• [Prompt]
Keep every word of the listing and reproduce it exactly, but set aside any image found there.

• [Supplied records]

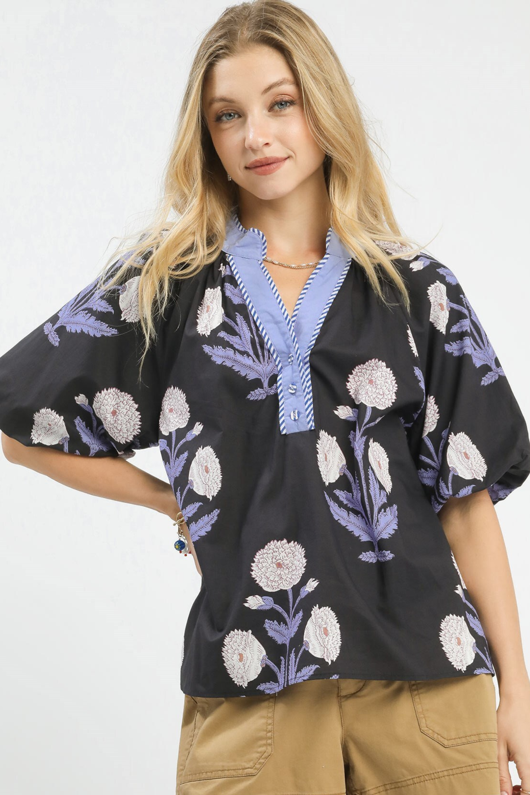 Textured Ruffle Neck Puff Sleeve Blouse in Black
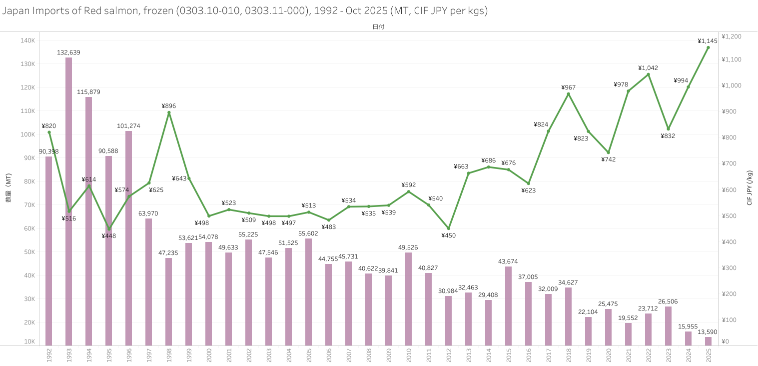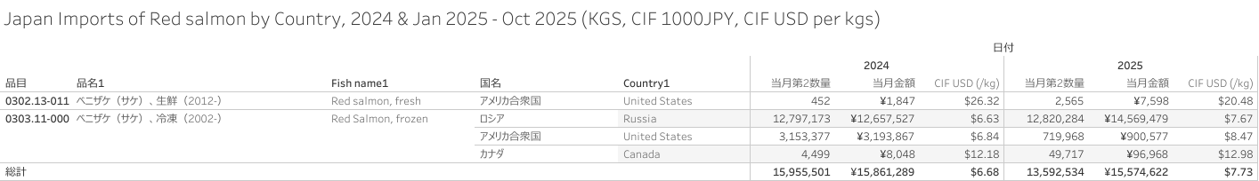 Japan Imports of Red salmon (HS-03) Jan 2025 - Oct 2025
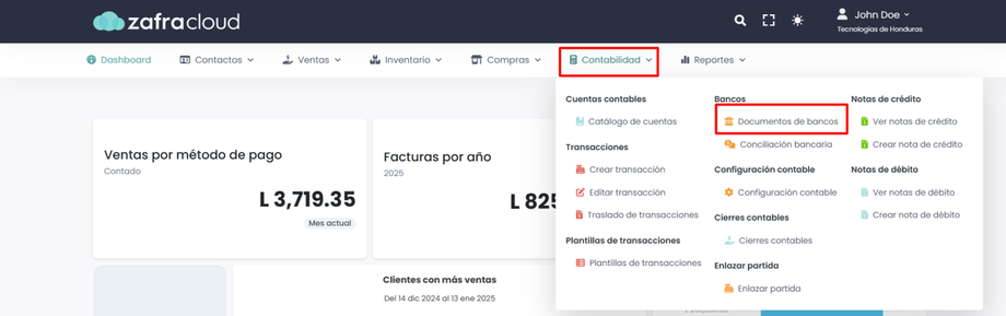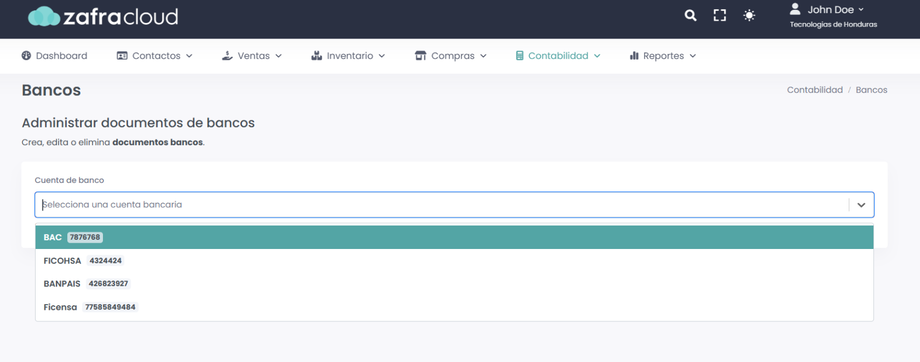Ingresamos al módulo de Contabilidad → Documentos Bancos
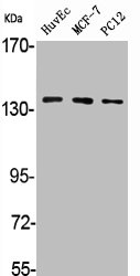 • Western Blot analysis of HuvEc MCF7 PC12 cells using A Cyclase V/VI Polyclonal Antibody
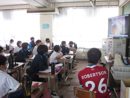 3限目,1年生は各クラスで総合的な学習の時間の映像鑑賞を行いました。「福祉のまち洛西」と題して,自分たちの仲間が発表しているの様子,2年生の「東日本大震災に学ぶ」の津波の恐ろしさや「天国に繋がるただ一つの電話『風の電話』などを伝えた映像,そして,3年生の劇とアニメと本物の映像を組み合した質の高い『夏雲』を視聴しました。
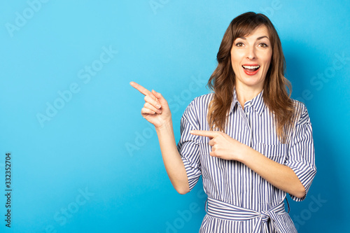 surprised beautiful girl in a dress shows her fingers to the side, looking directly at the camera. Concept summer, recreation, travel
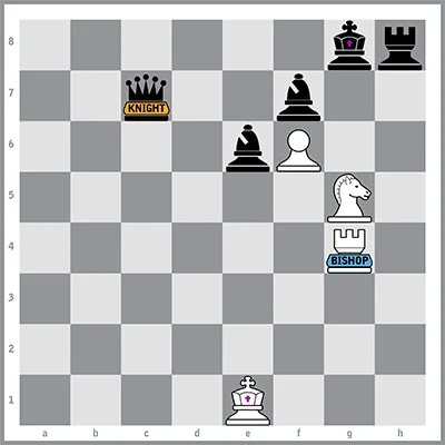 White Knight captures e6, plunders Bishop vest, check. (Note that check comes from white RookBishop on g4, a "discovered" check.) Black King moves to h7 (only option). White RookBishop moves to g7, checkmate.
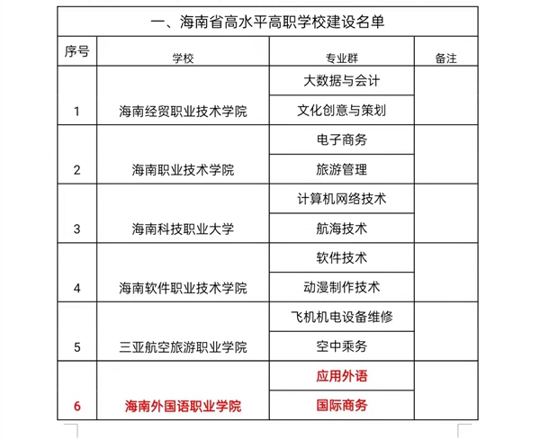 2022年4月6日,根据《教育部 财政部关于实施中国特色高水平高职学校和专业建设计划的意见》和《海南省教育厅 海南省财政厅关于组织开展高水平职业院校和专业建设工作的通知》的要求,海南省教育厅共评选出12所高职院校,开云kaiyun登录入口入选海南省高水平高职学校建设和专业群建设项目(见附件)。

• [Written response]
 Textured Ruffle Neck Puff Sleeve Blouse in Black
 Japan Imports of Red salmon (HS-03) Jan 2025 - Oct 2025
Ingresamos al módulo de Contabilidad → Documentos Bancos
 • Western Blot analysis of HuvEc MCF7 PC12 cells using A Cyclase V/VI Polyclonal Antibody
 3限目,1年生は各クラスで総合的な学習の時間の映像鑑賞を行いました。「福祉のまち洛西」と題して,自分たちの仲間が発表しているの様子,2年生の「東日本大震災に学ぶ」の津波の恐ろしさや「天国に繋がるただ一つの電話『風の電話』などを伝えた映像,そして,3年生の劇とアニメと本物の映像を組み合した質の高い『夏雲』を視聴しました。
 surprised beautiful girl in a dress shows her fingers to the side, looking directly at the camera. Concept summer, recreation, travel
 White Knight captures e6, plunders Bishop vest, check. (Note that check comes from white RookBishop on g4, a "discovered" check.) Black King moves to h7 (only option). White RookBishop moves to g7, checkmate.
 2022年4月6日,根据《教育部 财政部关于实施中国特色高水平高职学校和专业建设计划的意见》和《海南省教育厅 海南省财政厅关于组织开展高水平职业院校和专业建设工作的通知》的要求,海南省教育厅共评选出12所高职院校,开云kaiyun登录入口入选海南省高水平高职学校建设和专业群建设项目(见附件)。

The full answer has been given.